WHAT IS BEING ASKED: For the data below, give again exactly the lines from the one containing "Яркий набор для" through the one containing "圖 4 2015年我國一次能源消費(fèi)責(zé)任—嵌含能分配?;鶊D", both ends included, and no others.

▬▬▬▬▬▬

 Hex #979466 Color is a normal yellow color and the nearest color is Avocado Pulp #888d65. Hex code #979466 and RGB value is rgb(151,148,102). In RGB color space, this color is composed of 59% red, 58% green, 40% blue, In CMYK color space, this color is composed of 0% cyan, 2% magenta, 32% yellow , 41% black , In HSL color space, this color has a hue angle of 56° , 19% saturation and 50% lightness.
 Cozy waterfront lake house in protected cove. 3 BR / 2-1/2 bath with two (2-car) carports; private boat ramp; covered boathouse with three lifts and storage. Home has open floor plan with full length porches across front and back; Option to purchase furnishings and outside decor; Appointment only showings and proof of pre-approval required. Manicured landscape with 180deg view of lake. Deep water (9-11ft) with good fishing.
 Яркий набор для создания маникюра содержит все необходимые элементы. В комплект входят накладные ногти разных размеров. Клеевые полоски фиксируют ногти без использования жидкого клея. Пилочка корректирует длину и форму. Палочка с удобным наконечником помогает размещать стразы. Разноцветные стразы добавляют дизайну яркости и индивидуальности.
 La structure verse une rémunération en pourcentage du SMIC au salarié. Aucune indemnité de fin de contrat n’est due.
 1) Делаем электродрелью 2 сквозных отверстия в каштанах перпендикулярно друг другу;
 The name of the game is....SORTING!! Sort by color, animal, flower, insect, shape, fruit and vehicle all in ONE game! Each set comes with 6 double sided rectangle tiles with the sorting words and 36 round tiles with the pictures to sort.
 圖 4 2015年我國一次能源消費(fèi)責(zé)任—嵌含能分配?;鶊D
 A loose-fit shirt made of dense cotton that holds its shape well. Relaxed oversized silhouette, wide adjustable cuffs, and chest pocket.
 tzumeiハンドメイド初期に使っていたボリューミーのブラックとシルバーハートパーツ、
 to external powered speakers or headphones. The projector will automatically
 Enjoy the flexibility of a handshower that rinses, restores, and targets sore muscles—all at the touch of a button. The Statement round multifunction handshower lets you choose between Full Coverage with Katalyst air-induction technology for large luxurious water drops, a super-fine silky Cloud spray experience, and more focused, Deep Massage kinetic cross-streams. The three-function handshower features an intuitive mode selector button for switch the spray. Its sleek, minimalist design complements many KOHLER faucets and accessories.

▬▬▬▬▬▬

EXERCISE RESULT:
 Яркий набор для создания маникюра содержит все необходимые элементы. В комплект входят накладные ногти разных размеров. Клеевые полоски фиксируют ногти без использования жидкого клея. Пилочка корректирует длину и форму. Палочка с удобным наконечником помогает размещать стразы. Разноцветные стразы добавляют дизайну яркости и индивидуальности.
 La structure verse une rémunération en pourcentage du SMIC au salarié. Aucune indemnité de fin de contrat n’est due.
 1) Делаем электродрелью 2 сквозных отверстия в каштанах перпендикулярно друг другу;
 The name of the game is....SORTING!! Sort by color, animal, flower, insect, shape, fruit and vehicle all in ONE game! Each set comes with 6 double sided rectangle tiles with the sorting words and 36 round tiles with the pictures to sort.
 圖 4 2015年我國一次能源消費(fèi)責(zé)任—嵌含能分配?;鶊D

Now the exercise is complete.